Currently only taxon labels are applied to newick nodes.
e.g.

"newick" : "(Gavia_stellata_ott1057044,((Gavia_arctica_ott1085739,Gavia_pacifica_ott651474),(Gavia_immer_ott1057518,Gavia_adamsii_ott90560)))Gavia_ott803675;"
@josephwb josephwb self-assigned this Feb 16, 2016
@josephwb
Copy link
Member Author

I guess I should wait for @jar398 to give me the go ahead on this, since people have expressed that they want this, but none of the myriad docs explicitly discusses it.

@jar398
Copy link
Member

jar398 commented Feb 17, 2016

I think it's a good idea

-- apologies for brevity / using handheld gizmo --

On Feb 16, 2016, at 20:41, "Joseph W. Brown" [email protected]
wrote:

I guess I should wait for @jar398 https://github.com/jar398 to give me
the go ahead on this, since people have expressed that they want this, but
none of the myriad docs explicitly discusses it.


Reply to this email directly or view it on GitHub
#205 (comment)
.

@kcranston
Copy link
Member

What methods does this affect?

@josephwb
Copy link
Member Author

"subtree" and "induced_subtree" (only the latter is implemented at the moment; I can turn it off if you like).

@josephwb
Copy link
Member Author

Old:

curl -X POST http://localhost:7474/db/data/ext/tree_of_life_v3/graphdb/induced_subtree -H "content-type:application/json" -d '{"node_ids":["ott501678","ott666104","ott316878"], "ott_ids":[102710,536234,810751,81461,501678]}'
{
  "node_ids_not_in_tree" : [ "ott501678" ],
  "ott_ids_not_in_tree" : [ 501678 ],
  "newick" : "(((Clangula_ott316878,Perdix_ott102710)Galloanserae_ott5839486,((Selasphorus_calliope_ott536234)Trochilidae_ott810751,Setophaga_ott666104))Neognathae_ott241846)Aves_ott81461;",
  "synth_id" : "opentree4.1"
}

New:

curl -X POST http://localhost:7474/db/data/ext/tree_of_life_v3/graphdb/induced_subtree -H "content-type:application/json" -d '{"node_ids":["ott501678","ott666104","ott316878"], "ott_ids":[102710,536234,810751,81461,501678]}'
{
  "node_ids_not_in_tree" : [ "ott501678" ],
  "ott_ids_not_in_tree" : [ 501678 ],
  "newick" : "(((Clangula_ott316878,Perdix_ott102710)Galloanserae_ott5839486,((Selasphorus_calliope_ott536234)Trochilidae_ott810751,Setophaga_ott666104)mrcaott246ott5481)Neognathae_ott241846)Aves_ott81461;",
  "synth_id" : "opentree4.1"
}

@jimallman
Copy link
Member

Thanks for the "before" and "after" examples. I was unclear on the consequences of this change. Do I understand correctly that this isn't just a matter of labeling, but of including entirely new nodes (e.g. mrcaott246ott5481 above)?

@jar398
Copy link
Member

jar398 commented Feb 17, 2016

we could make it an option if there are worries about clutter or space or
compatibility.
{"include_nontaxon_labels" : true , ...}
not sure how to decide this.

On Wed, Feb 17, 2016 at 4:51 PM, Joseph W. Brown [email protected]
wrote:

"subtree" and "induced_subtree" (only the latter is implemented at the
moment; I can turn it off if you like).


Reply to this email directly or view it on GitHub
#205 (comment)
.

@josephwb
Copy link
Member Author

@jimallman the trees are the exact same except for labelling.

@kcranston
Copy link
Member

+1 for including them
Ambivalent about option to exclude.
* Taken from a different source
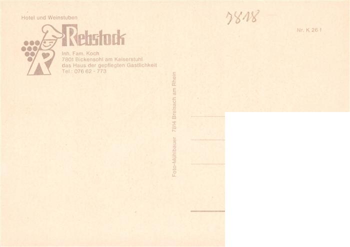 73929070 Bickensohl Vogtsburg Kaiserstuhl Panorama Hotel und Weinstuben Rebstock Weinpresse postalisch nicht gelaufen Erhaltung siehe scans [WerneD78] KatCode: 11110008315133

Hold off until it becomes a problem? Would be a compatible change.

@josephwb
Copy link
Member Author

"nontaxon" nodes could be part of the query; a reason for them to be returned.

@jimallman
Copy link
Member

the trees are the exact same except for labelling

thanks, my Newick-fu is lacking :bowtie:

@josephwb
Copy link
Member Author

Here is subtree. Before:

curl -X POST http://localhost:7474/db/data/ext/tree_of_life_v3/graphdb/subtree -H "content-type:application/json" -d '{"node_id":"ott803675"}'
{
  "newick" : "(Gavia_stellata_ott1057044,((Gavia_arctica_ott1085739,Gavia_pacifica_ott651474),(Gavia_immer_ott1057518,Gavia_adamsii_ott90560)))Gavia_ott803675;",
  "synth_id" : "opentree4.1"
}

After:

curl -X POST http://localhost:7474/db/data/ext/tree_of_life_v3/graphdb/subtree -H "content-type:application/json" -d '{"node_id":"ott803675"}'
{
  "newick" : "(Gavia_stellata_ott1057044,((Gavia_arctica_ott1085739,Gavia_pacifica_ott651474)mrcaott651474ott1085739,(Gavia_immer_ott1057518,Gavia_adamsii_ott90560)mrcaott90560ott1057518)mrcaott90560ott651474)Gavia_ott803675;",
  "synth_id" : "opentree4.1"
}

@josephwb
Copy link
Member Author

Deployed on test for testing. Let me know if you want me to revert things.

@jar398
Copy link
Member

jar398 commented Feb 17, 2016

It would be compatible in the sense of having a /v3 URL instead of a /v2
URL. But it's easy to imagine clients used to the v2 Newicks barfing on
the v3 Newicks. That's OK with me, just cautioning on "would be a
compatible change"

But I have no strong feelings.

On Wed, Feb 17, 2016 at 5:02 PM, Joseph W. Brown [email protected]
wrote:

"nontaxon" nodes could be part of the query; a reason for them to be
returned.


Reply to this email directly or view it on GitHub
#205 (comment)
.

@josephwb
Copy link
Member Author

Please formulate some definite feelings, strong or no; otherwise how can this possibly move forward (or not)?

opentreeapi pushed a commit to OpenTreeOfLife/phylesystem-0 that referenced this issue Feb 17, 2016
See examples here: OpenTreeOfLife/treemachine#205 (comment)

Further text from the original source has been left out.